| Task prompt |
Scan the data below and state the number of lines that include the word "piece", adding no comment.
[[ Provided data open ]]
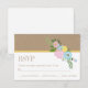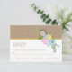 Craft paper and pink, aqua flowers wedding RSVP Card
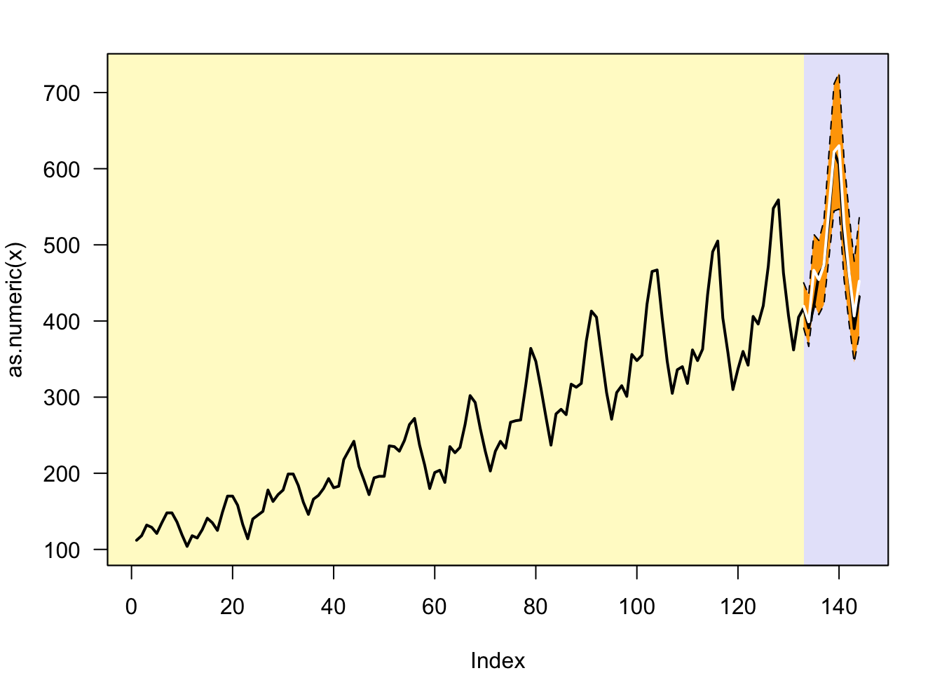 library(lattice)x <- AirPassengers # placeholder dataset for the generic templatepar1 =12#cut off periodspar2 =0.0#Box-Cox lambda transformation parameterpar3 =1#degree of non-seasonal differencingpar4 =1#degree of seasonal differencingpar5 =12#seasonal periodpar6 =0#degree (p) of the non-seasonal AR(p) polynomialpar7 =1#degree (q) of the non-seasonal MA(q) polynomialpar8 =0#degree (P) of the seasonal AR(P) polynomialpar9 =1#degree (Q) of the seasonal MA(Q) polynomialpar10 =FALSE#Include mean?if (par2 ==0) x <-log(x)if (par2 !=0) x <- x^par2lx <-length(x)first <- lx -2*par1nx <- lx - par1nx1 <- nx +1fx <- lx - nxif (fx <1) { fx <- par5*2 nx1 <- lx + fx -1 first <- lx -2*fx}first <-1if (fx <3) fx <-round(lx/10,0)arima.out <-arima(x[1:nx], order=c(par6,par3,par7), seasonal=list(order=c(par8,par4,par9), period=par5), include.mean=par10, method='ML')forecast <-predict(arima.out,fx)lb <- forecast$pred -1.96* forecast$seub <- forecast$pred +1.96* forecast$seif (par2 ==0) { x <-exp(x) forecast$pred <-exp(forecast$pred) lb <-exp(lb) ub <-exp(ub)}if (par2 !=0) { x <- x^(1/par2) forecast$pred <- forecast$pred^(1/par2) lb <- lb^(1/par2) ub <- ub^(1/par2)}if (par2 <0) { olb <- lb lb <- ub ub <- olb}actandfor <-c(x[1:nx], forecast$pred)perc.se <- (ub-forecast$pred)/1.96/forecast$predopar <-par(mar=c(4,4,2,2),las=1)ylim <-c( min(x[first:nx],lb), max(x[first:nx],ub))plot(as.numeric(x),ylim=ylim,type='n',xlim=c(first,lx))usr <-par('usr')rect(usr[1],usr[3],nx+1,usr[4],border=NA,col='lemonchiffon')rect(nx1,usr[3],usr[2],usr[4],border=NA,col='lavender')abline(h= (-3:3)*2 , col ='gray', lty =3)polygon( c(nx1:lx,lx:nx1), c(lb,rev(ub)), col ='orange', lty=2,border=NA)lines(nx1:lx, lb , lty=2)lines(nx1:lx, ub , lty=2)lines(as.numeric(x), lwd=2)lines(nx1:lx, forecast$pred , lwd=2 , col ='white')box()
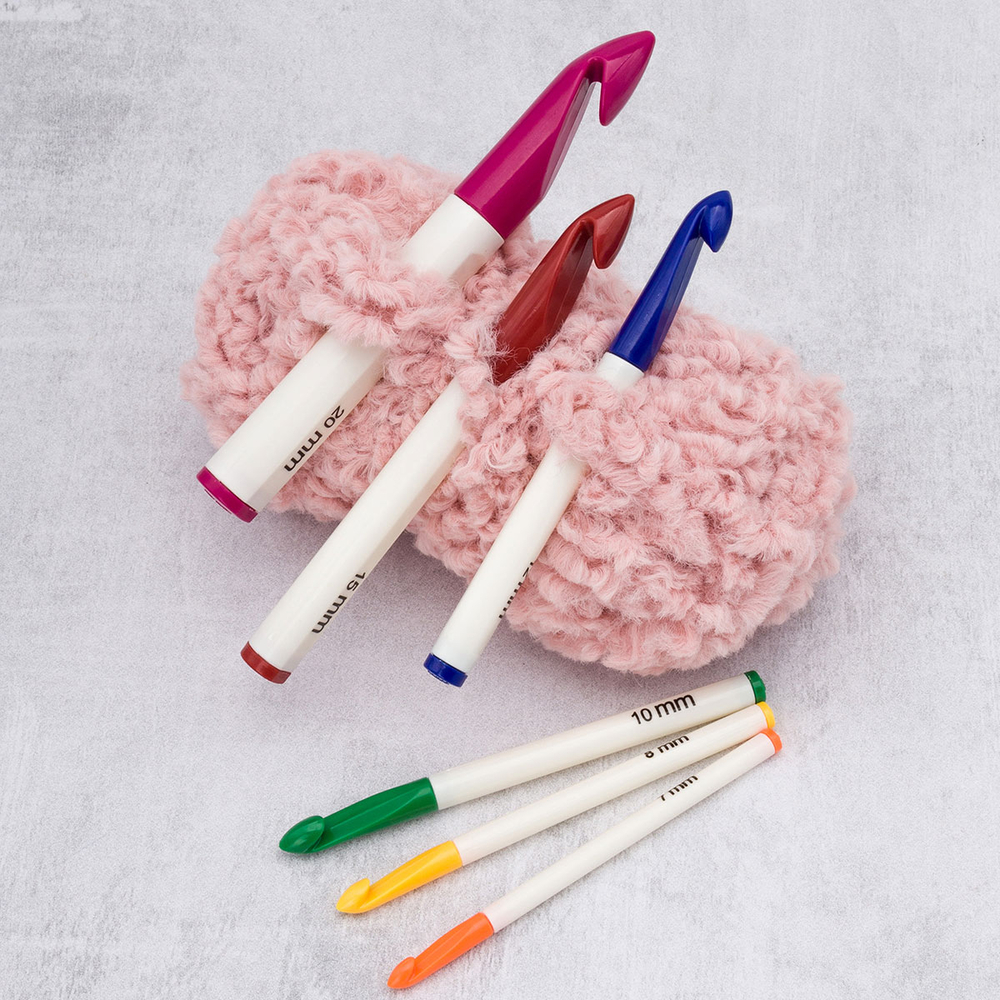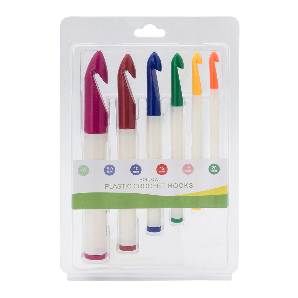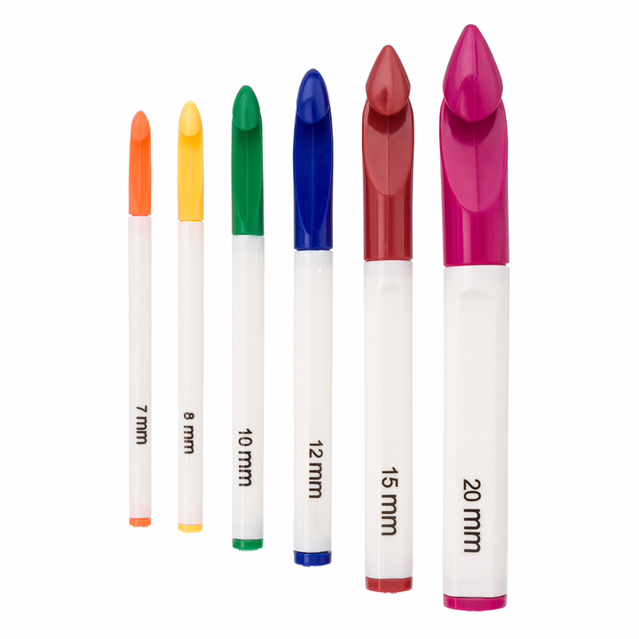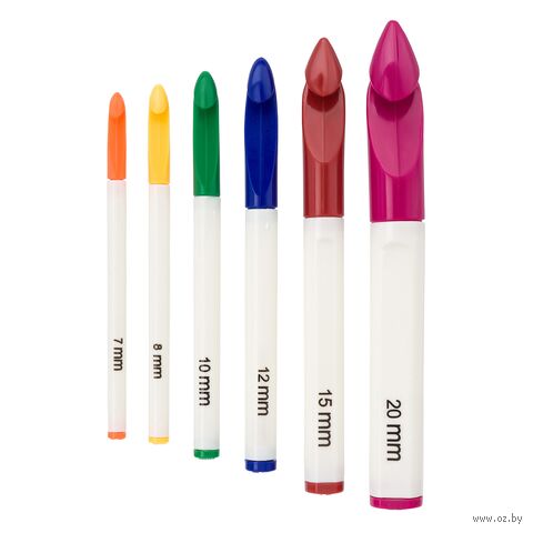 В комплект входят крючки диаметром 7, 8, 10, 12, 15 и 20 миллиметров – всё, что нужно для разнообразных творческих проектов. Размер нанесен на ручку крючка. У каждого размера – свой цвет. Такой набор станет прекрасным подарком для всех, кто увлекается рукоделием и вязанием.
[[ Provided data closed ]]
[[ Provided data open ]]
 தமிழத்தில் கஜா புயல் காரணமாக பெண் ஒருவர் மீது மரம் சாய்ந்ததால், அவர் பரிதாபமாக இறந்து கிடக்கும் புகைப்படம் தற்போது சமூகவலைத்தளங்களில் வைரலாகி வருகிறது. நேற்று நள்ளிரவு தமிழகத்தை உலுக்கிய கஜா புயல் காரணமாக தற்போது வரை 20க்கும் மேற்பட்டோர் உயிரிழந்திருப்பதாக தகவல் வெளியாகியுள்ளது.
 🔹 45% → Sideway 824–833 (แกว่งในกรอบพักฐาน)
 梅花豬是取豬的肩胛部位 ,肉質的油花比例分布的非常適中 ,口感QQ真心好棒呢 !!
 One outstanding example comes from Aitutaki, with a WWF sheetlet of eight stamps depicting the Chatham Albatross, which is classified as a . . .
[[ Provided data closed ]]
[[ Provided data open ]]
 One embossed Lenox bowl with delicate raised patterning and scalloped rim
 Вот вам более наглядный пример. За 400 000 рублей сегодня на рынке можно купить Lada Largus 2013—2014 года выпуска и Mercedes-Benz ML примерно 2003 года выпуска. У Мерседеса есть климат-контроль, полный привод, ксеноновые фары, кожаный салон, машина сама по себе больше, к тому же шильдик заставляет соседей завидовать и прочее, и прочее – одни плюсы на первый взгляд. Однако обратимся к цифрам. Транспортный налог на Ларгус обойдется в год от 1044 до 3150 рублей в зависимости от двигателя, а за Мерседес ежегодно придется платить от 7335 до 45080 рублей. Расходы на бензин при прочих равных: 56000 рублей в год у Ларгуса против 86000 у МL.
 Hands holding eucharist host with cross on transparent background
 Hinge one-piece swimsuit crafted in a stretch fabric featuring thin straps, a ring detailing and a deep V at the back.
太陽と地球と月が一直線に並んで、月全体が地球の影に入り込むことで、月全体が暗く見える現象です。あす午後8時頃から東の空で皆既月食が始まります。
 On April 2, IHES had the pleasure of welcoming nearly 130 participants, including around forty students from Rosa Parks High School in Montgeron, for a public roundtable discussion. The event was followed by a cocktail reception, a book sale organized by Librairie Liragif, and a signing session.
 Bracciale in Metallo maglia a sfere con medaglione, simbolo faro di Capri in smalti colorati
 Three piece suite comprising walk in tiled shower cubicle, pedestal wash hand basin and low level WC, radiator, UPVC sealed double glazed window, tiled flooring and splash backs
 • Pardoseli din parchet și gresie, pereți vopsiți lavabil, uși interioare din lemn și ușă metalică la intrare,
[[ Provided data closed ]]
| Final answer |
2